The problem with perched water is that it begins to kill roots VERY quickly - within hours. It's not unusual for these water retentive soils to support 4 inches of perched water or more. Soils made with heavy black potting soil or topsoil, sand, peat-based container soils, compost, coir, or any combination of the aforementioned are going to support a LOT of perched water, making it very difficult for most growers to keep plants healthy, let alone coaxing them to grow at anywhere near their genetic potential. IOW - they make your job MUCH harder than it has to be.

Drainage layers do not promote drainage. Adding a drainage layer of coarse material to the pot bottom simply causes water to perch higher in the container. For example - a soil that supports 3" of perched water on top of 2" of "drainage" material simply raises the level of perched water in the container. If your container is 5" deep, the entire soil mass would remain saturated after watering thoroughly. Since the volume of air in the soil is equal in importance to the volume of water, it's very easy to see this type of scenario does not favor the plant.

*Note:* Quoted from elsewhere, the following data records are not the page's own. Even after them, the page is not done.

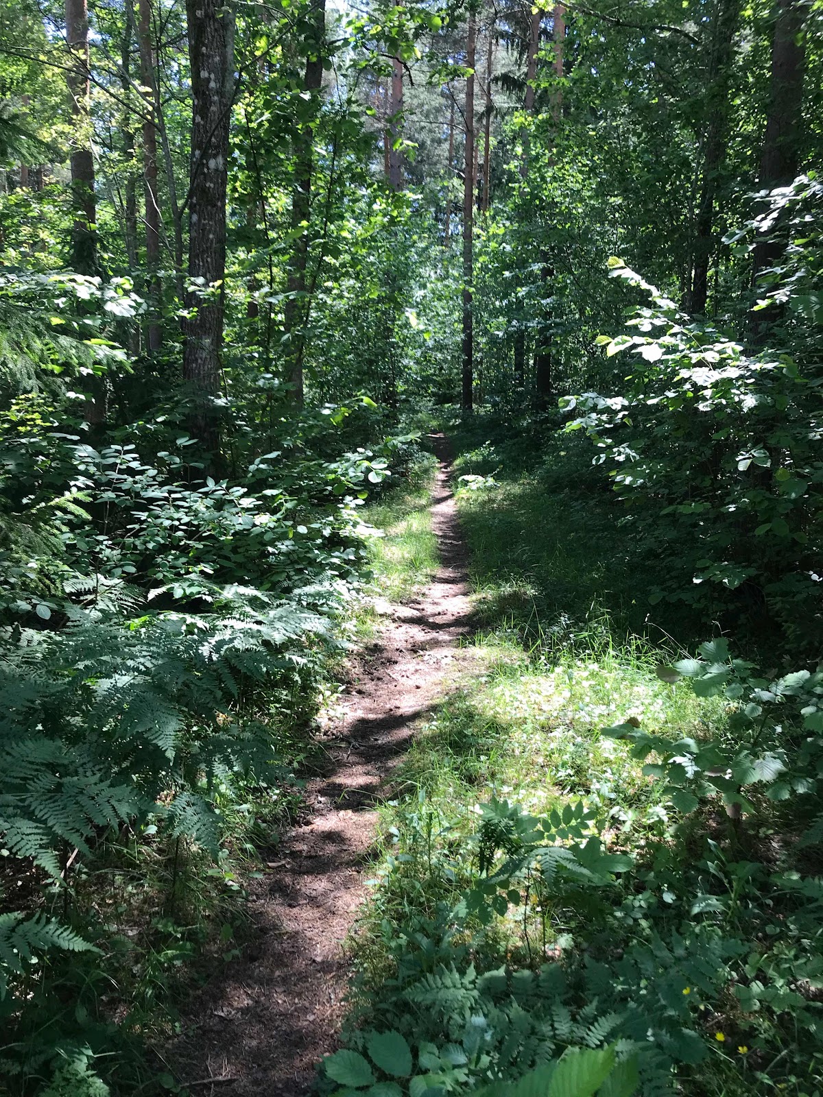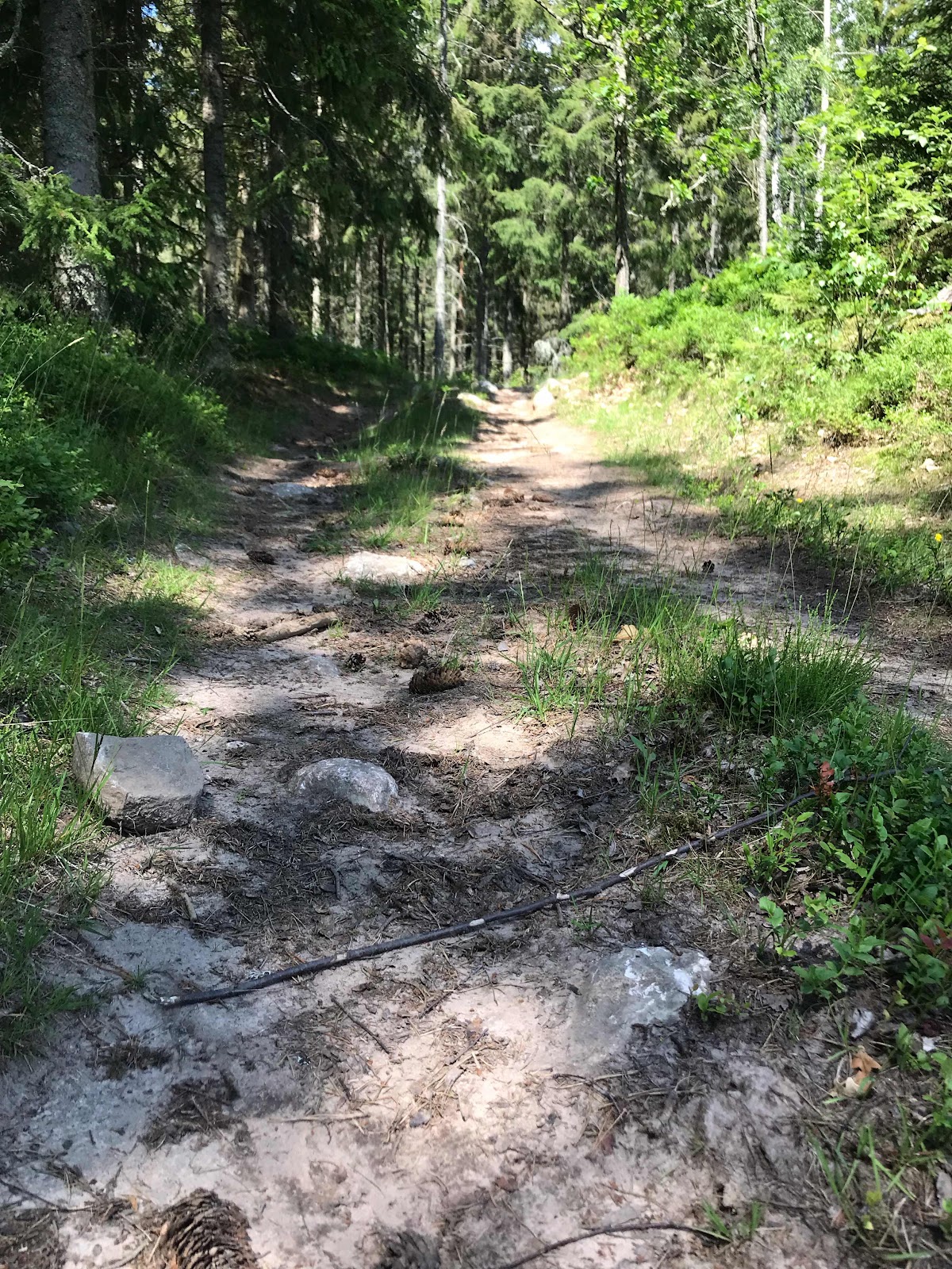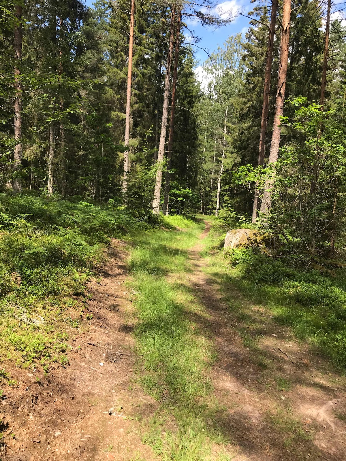 Trång stig går sedan över i grusväg, härligt, fast på olika sätt.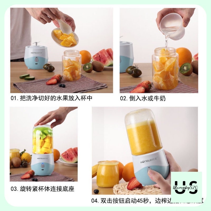 Máy xay mini cầm tay hai màu xanh hồng nhỏ gọn có thể mang theo Ulzzangshop520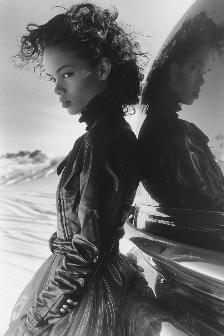 Dies ist der Moment, in dem die Anmut des Selbst sich im Angesicht der eigenen Ruinen spiegelt. Whispers of Ruin ist kein Porträt, sondern ein Abgesang auf die Unvergänglichkeit, ein erhabener Augenblick, in dem die Schönheit eine schmerzhafte Wahrheit erahnt. Stählerne Anmut, eine moderne Valkyrie in einem Kleid, das so hart ist wie das Leder ihrer Rüstung und so zart wie der Wind, der über eine vergessene Welt fegt. Sie steht in einer Landschaft, die längst zu Asche und Staub wurde, auf einem staubigen Abfall der Erde, die den Tod alter Zeiten in sich trägt. Ihr Körper lehnt gegen eine spiegelnde Oberfläche, die die Welt nicht kopiert, sondern mit ihr verschmilzt.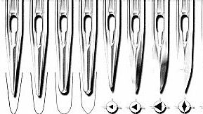 Иглы разных номеров предназначены для стачивания материалов различной плотности и толщины нитками соответствующих номеров. Игла (см. рисунок ниже) в большинстве швейных машин представляет собой прямой цилиндрический стержень неодинакового сечения, заостренный на одном конце. Утолщенная часть иглы называется колбой. Она предназначена для закрепления иглы в игловодителе.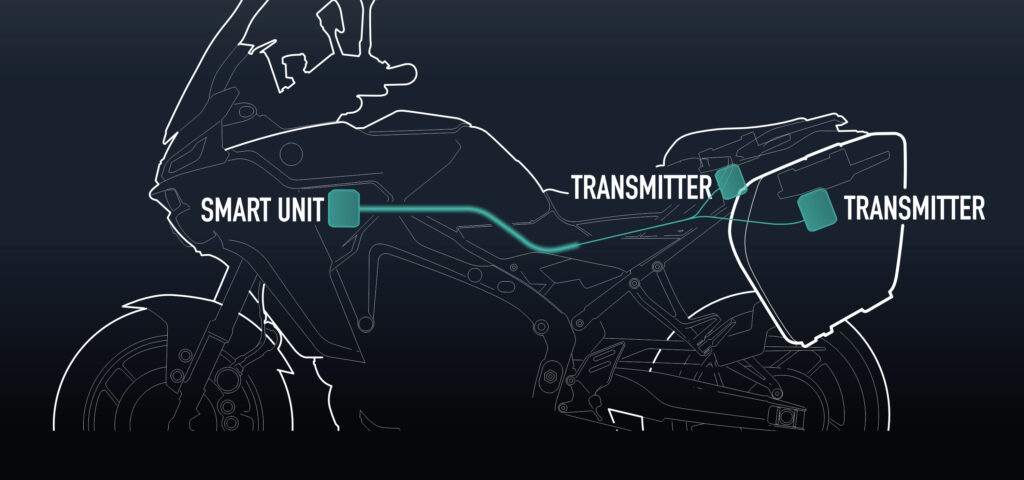 Esta transferencia de energía permite abrir y cerrar la maleta, a la vez que disponer de luz de cortesía o puerto de carga USB. Además, en caso de que la moto comience a circular sin que se hayan cerrado las maletas, la centralita enviará una señal para que se cierren automáticamente cuando la moto supere los 10 km/h.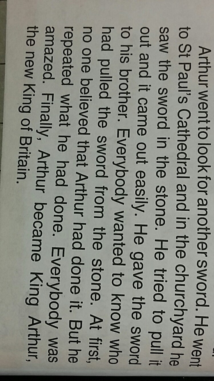Артур пошел искать другой меч. Он отправился в собор Святого Павла, и на кладбище увидел меч в камне. Он попытался вытащить его, и он вышел легко. Он отдал меч своему брату. Все хотели знать, кто вытащил меч из камня. Сначала никто не верил, что Артур сделал это. Но он повторил то, что сделал. Все были поражены. Наконец, Артур стал королем Артуром, новым Королем Британии.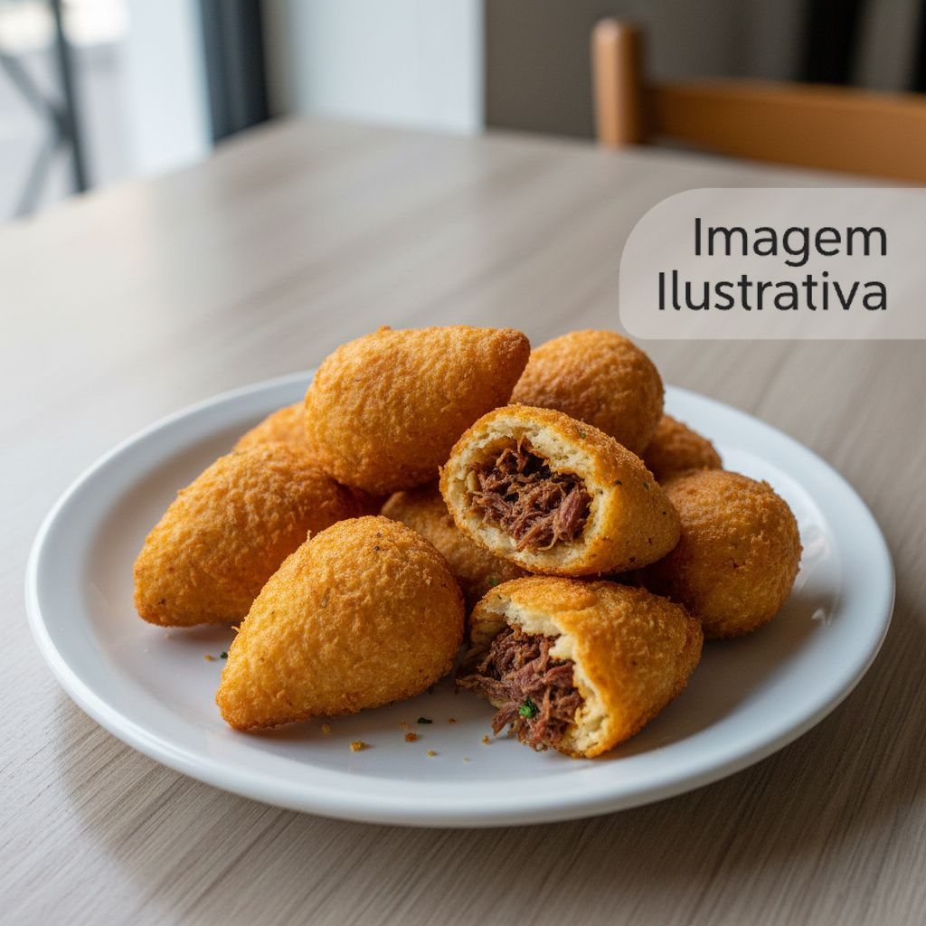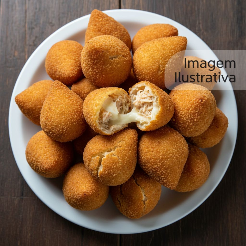 Coxinha recheada com frango desfiado e temperos especiais, envolta em uma massa crocante.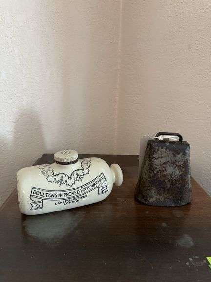 LOT 18290 - Antique cow bell and Doultons Improved Foot Warmer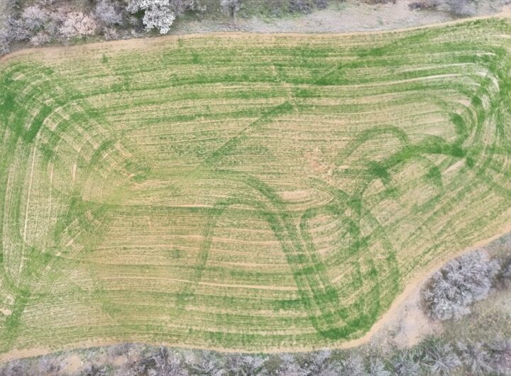 Isparta'nın Yalvaç ilçesinde arpa ve buğday tarlalarında, ekim sürecinin ardından tohumların çimlenmesiyle ilginç geometrik şekiller oluştu. Bölgede...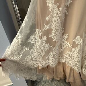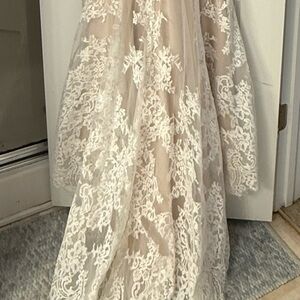 Elegant lace wedding dress with intricate floral patterns. Features a plunging neckline and sleeveless design. Perfect for a classic bridal look. Only worn 2 times, once at the bridal boutique when we purchased and once for alterations. Not worn again. Purchased summer end of 2023. Size 10. Fits nearly true to size. My daughter in the dress is 5’9 170 pds and wears an 8-10 normally. Dress has been altered very minor on the sides and minor on the length. Already bustled. There is room for additional altering if you need it.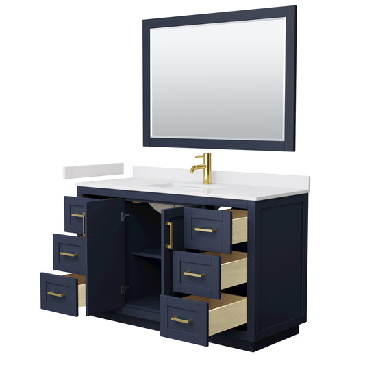 Miranda 54" Single Vanity in Dark Blue, Top, Square Sink, Brushed Gold Trim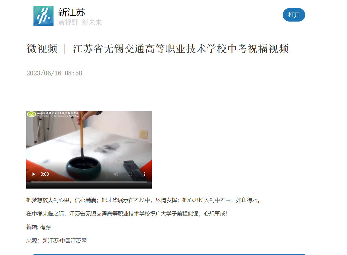 新江苏:微视频 | 江苏省无锡交通高等职业技术学校中考祝福视频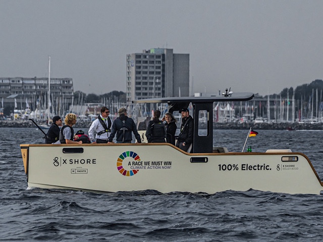 - Mit diesem Elektro-Motorboot fand der Transfer zum Katamaran statt.

What DOES favor the plant is a soil that drains very well & supports very little or no perched water at the bottom of the container. Roots LOVE air in the root zone, lots of it, and hate excess water. Since water retention and the ht of the perched water table is DIRECTLY related to particle size, the path to making it much easier to keep plants healthy and allowing a much wider margin for grower error lies in using larger particles as the primary fraction of the soil. I can't emphasize enough how much easier and more productive these types of soils are to grow in.

Soil choice is probably the most important consideration when putting together or repotting a planting. The soil is the foundation of every conventional container planting, and we all know how difficult it is to build anything lasting on a poor foundation. Even the newest newbie can pot a plant in a quality soil and get it to grow very well - every time - if they follow some very simple guidelines based on a good soil, good light, and a good nutritional supplementation program. A good soil also takes most of the guesswork out of when to water, which all but eliminates the number one killer of houseplants - over-watering.

The plant in the OP is/was suffering from ammonia toxicity (which was probably its undoing) and probably plasmolysis, which is a technical term for fertilizer burn due to the high level of solutes (dissolved solids) in the urine. Fertilizer burn occurs not only from over-fertilizing, but from a high level of anything dissolved in the soil solution - sugar can cause it as easily as fertilizer or table salt. Cat urine is also very basic (opposite of acidic) and can cause severe nutritional disorders and other problems if not corrected immediately.